The same with tweaking clothes crafting. They need to add a few more clothing models, type up a description and alter the current crafting code to change how many hides and guts of which animals are needed to make which things. Again they aren't starting from scratch or the ground up. They already wrote the base code, they just need to tweak it to add more variability.

The same with adding more prey and predator animals. Those will take more art department and modeling and pathing tweaking, but the base code and behaviors are already in the game and functional. Like I said I think adding more animals would be more work intensive than the above two requests, but it still wouldn't be as hard as it was before they started from scratch with no animal models, pathing routines, and fight or flight behaviors.

Adding stone tools would be as hard as adding more animal crafting choices for clothes. The animations for each tool are already in there except the pickaxe.  

Like I said I get where you are coming from and I get where they were coming from. I think now they must be busting their butts on getting this story mission aspect hammered out.
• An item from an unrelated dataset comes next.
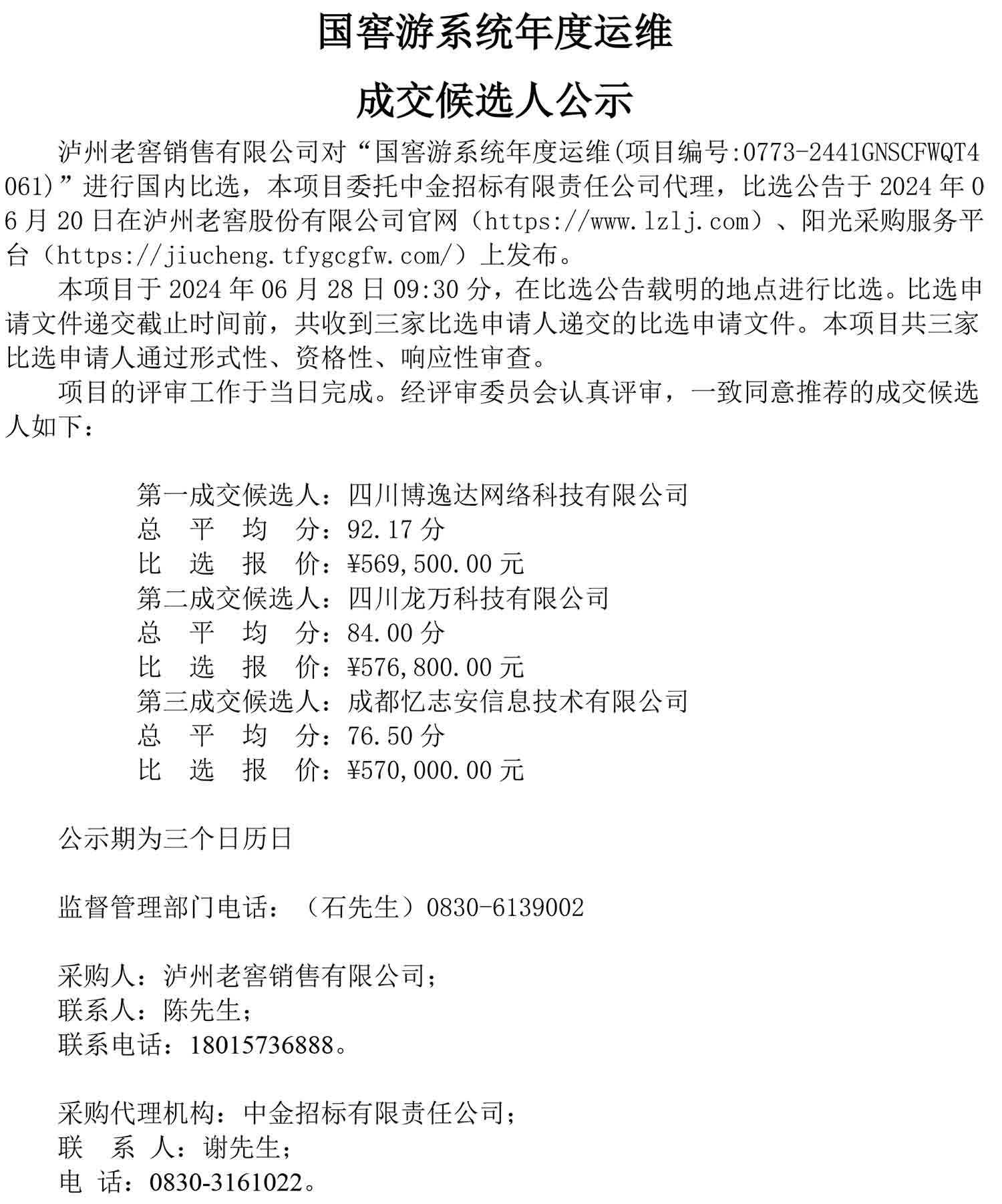 国窖游系统年度运维成交候选人公示

I really hope once that's up in August, they will squash bugs in September. Once that's done I hope they remember to double back to adding some more stone crafting, animal clothes crafting, the improv prybar, and more foraging for nuts and berries before they move to the bullet press, and horses projects. 

Making totally new ideas from the ground up like the storyline missions, and adding totally new content like bullet manufacturing and horses will take way longer than adding the simpler things I feel should have been added in the first place.

I just hope they assign some people and time to getting it done sooner rather than later, because it really should already be in there.....but that's just one man's opinion...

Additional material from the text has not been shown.